= Anilai and Asinai =

1st century Babylonian Jewish chieftains

Anilai and Asinai (חֲנִילַאי וְחֲסִינַאי) were two Babylonian-Jewish brothers and robber-chieftains of the Parthian Empire whose exploits were reported by the early Jewish historian Josephus in his Antiquities of the Jews.

They were apprenticed by their widowed mother to a weaver. Having been punished for laziness by their master, they ran away and became freebooters in the marshlands of the Euphrates River. There they gathered about them a large number of discontented Jews, organizing troops, and levying forced contributions on the shepherds, and finally established a little robber-state at the forks of the Euphrates.

On one Shabbat, they were unexpectedly attacked by the Parthian governor of Babylonia. Nevertheless, they resolved to defend themselves regardless of the day of rest and succeeded in defeating their assailant so decisively that Parthian king Artabanus III (10–40 CE), who was preoccupied with suppressing a rebellion at the time, decided to utilize such courageous Jews to maintain control over the satraps. Consequently, he formed an alliance with them, assigning them authority over the portion of Babylonia they had already occupied.

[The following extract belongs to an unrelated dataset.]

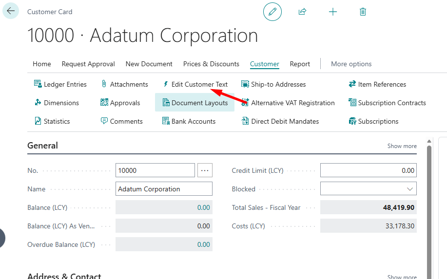 On the Customer Card, there is also an Edit Customer Text action in the Customer tab ribbon:

They then built fortifications, and the little state lasted for fifteen years. Its downfall was brought about by the marriage of Anilai with the widow of a Parthian general, whom he had attacked and killed in battle. He tolerated the religion of his foreign wife, and met the religious intolerance of his people with rigor, thus estranging some of his followers and sowing dissension among them.

After she poisoned Asinai for his intolerant utterances, Anilai assumed the leadership of his troops. He sought to divert them with wars, and succeeded in capturing Mithridates, governor of Parthyene, and son-in-law of the king. He soon, however, released Mithridates, fearing that Artaban might take vengeance on the Babylonian Jews for his death. Being signally defeated by Mithridates in a subsequent engagement, he was forced to withdraw to the forests, where he lived by plundering the Babylonian villages about Nehardea, until his resources were exhausted and the little robber-state disappeared. The Babylonians' discontent with the Jews, restrained because of their fear of Anilai, now broke forth afresh, causing the Jews to flee from persecution to Seleucia, but did not find peace in exile.

The name Anilai is identical with "Ḥanilai" in Talmudic literature. This was, for example, the name of the father of the well-known haggadist Tanḥum b. Ḥamilas (Bacher, Ag. Pal. Amor. iii.627).

==Sources==
- Josephus, Antiquities, xviii.9.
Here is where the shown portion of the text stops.